In Eq. (8), m represents males, f represents females, \( \ln \overline{W} \) is the logarithm of the average wage, \( \overline{X} \) is the average of variables, and β m and β f represent the estimated coefficients resulting from the wage function of males and females, respectively. Note the β* (no-discrimination wage structure) therein, which is a gender-neutral coefficient estimated based on wage functions using the entire sample.

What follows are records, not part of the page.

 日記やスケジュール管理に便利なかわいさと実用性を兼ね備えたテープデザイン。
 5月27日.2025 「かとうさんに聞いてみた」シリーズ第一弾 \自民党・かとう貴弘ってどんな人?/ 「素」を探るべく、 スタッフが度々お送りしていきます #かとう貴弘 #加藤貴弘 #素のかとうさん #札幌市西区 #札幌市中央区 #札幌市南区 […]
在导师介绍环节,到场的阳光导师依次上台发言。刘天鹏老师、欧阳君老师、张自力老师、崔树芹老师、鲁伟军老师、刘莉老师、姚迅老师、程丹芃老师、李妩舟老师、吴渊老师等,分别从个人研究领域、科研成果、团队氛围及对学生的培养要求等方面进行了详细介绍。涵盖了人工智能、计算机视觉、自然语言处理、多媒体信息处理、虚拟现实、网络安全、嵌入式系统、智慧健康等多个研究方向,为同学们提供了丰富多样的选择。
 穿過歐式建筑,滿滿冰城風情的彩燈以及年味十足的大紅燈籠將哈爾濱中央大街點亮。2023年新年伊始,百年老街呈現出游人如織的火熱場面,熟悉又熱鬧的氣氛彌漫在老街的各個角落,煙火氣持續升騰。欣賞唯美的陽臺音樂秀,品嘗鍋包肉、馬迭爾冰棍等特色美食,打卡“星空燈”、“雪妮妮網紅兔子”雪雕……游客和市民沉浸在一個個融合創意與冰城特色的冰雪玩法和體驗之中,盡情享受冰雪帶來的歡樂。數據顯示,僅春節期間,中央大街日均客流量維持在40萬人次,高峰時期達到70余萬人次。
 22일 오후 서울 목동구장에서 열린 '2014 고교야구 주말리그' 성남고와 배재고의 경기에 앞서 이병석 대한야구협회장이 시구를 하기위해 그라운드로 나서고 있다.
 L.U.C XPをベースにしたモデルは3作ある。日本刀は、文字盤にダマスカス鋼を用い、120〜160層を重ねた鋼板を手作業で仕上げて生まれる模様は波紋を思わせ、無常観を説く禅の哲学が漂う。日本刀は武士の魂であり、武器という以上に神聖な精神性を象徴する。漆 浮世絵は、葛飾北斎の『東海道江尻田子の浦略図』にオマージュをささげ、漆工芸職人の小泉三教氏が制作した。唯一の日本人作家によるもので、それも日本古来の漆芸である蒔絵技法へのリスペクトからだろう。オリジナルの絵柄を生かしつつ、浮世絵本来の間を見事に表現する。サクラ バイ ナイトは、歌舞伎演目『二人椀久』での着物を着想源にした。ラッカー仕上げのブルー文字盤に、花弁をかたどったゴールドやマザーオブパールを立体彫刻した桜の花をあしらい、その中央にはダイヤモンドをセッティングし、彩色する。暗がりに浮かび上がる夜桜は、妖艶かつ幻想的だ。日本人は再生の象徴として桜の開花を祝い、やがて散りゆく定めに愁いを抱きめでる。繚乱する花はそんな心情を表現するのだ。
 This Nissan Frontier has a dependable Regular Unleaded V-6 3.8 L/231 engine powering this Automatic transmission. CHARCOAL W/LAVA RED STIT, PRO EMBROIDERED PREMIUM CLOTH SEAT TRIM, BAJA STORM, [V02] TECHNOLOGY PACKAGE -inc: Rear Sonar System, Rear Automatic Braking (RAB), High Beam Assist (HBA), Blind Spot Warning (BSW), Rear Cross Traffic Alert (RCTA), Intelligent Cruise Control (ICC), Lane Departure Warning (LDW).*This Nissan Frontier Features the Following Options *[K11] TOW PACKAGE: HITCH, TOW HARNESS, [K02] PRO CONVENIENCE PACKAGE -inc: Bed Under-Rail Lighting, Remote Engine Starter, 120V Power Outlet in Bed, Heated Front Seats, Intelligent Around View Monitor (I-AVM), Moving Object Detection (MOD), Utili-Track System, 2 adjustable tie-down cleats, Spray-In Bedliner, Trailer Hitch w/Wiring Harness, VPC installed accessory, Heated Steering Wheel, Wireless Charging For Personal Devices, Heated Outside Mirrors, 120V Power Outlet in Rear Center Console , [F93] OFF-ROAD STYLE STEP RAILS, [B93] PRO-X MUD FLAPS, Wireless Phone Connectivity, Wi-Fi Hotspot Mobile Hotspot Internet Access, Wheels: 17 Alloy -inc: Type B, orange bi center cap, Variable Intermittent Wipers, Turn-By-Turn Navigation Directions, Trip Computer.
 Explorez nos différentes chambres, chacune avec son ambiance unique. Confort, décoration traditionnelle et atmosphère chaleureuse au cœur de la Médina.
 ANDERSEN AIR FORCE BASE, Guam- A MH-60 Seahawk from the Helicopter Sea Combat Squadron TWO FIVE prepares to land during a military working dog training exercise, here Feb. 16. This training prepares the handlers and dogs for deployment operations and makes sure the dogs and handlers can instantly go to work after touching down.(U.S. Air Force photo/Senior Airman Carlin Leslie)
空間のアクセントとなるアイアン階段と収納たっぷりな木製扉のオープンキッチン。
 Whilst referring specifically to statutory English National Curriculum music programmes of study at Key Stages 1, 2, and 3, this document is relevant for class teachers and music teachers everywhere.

Concerning the Oaxaca and Ransom model, \( \left({\overline{X}}_m-{\overline{X}}_f\right){\beta}^{*} \) represents the gender wage gap resulting from a difference in endowment including, for example, human capital, \( {\overline{X}}_f\left({\beta}^{*}-{\beta}_f\right) \) represents the gap caused by too-low endowment return of females (known as “female loss”) and \( {\overline{X}}_m\left({\beta}_m-{\beta}^{*}\right) \) represents the gap generated by too-high endowment return of males (known as “male gain”). The sum of these two decomposition values stands for the gender wage gap resulting from differences in endowment return, including discrimination.Footnote 6 We add the variable of the MW levels and Kaitz IndexFootnote 7 in this model to decompose these MW factors’ effects on gender wage gap.

  1. (4)

    DID analysis for the effects of the MW on gender wage gap

Although the effect of the MW on gender wage gap can be decomposed by the endowment difference and endowment returns difference as described above, it is necessary to provide evidence on whether the MW has affected gender wage differentials. Here, we apply the DID model, which is frequently used for policy evaluation. DID analysisFootnote 8 can be represented as follows:

$$ \begin{array}{c}\hfill \ln {W}_{ijt}=a+{\gamma}_x{X}_{ijt}+{\gamma}_{ye}Yea{r}_{ij}+{\gamma}_{tr} Trea{t}_{ijt}+{\gamma}_mMal{e}_{ijt}+{\gamma}_{yetr} Year* Trea{t}_{ijt}\hfill \\ {}\hfill \kern2em +{\gamma}_{yem} Year*Mal{e}_{ijt}+{\gamma}_{trm} Trea t*Mal{e}_{ijt}+{\gamma}_{did}DI{D}_{ijt}+{v}_{ijt}\hfill \end{array} $$
(4)

In Eq. (9), i stands for the individual, t for years, j represents categories of regions, Year for policy implementation years (1995, 2002 and 2007 in this paper), Treat for the treatment group, Male for the male dummy variable, a is the constant term, and v is the error term. γ represents the estimated coefficient for each variable.

We used the retrospective data of CHIP1995 to gain wages information for the previous five years and generated several treatment groups and control groups.Footnote 9 Specifically, we use the years before the implementation of the MW (1990, 1991, 1992, 1993, and 1994) as the initial years and the years of 1995, 2002 and 2007 as the policy implantation years. We distinguish the treatment group and control group.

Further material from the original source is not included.